— SUPPLIED DATA —
====

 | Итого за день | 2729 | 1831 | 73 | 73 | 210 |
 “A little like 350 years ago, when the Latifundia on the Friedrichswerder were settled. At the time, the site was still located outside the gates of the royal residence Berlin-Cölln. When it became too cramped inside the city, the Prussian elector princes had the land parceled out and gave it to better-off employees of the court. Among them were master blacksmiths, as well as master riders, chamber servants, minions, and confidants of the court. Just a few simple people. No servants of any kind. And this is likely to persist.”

====

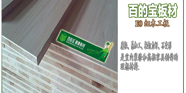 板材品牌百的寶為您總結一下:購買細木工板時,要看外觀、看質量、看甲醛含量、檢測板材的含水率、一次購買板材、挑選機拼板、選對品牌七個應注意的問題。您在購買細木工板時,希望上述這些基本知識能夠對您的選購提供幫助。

====

— PROBLEM —
Take exactly the lines from the one containing "73 | 73 | 210 |" through the one containing "little like 350" in the data above, and output them with nothing added.

— RESPONSE TO THE TASK —
 | Итого за день | 2729 | 1831 | 73 | 73 | 210 |
 “A little like 350 years ago, when the Latifundia on the Friedrichswerder were settled. At the time, the site was still located outside the gates of the royal residence Berlin-Cölln. When it became too cramped inside the city, the Prussian elector princes had the land parceled out and gave it to better-off employees of the court. Among them were master blacksmiths, as well as master riders, chamber servants, minions, and confidants of the court. Just a few simple people. No servants of any kind. And this is likely to persist.”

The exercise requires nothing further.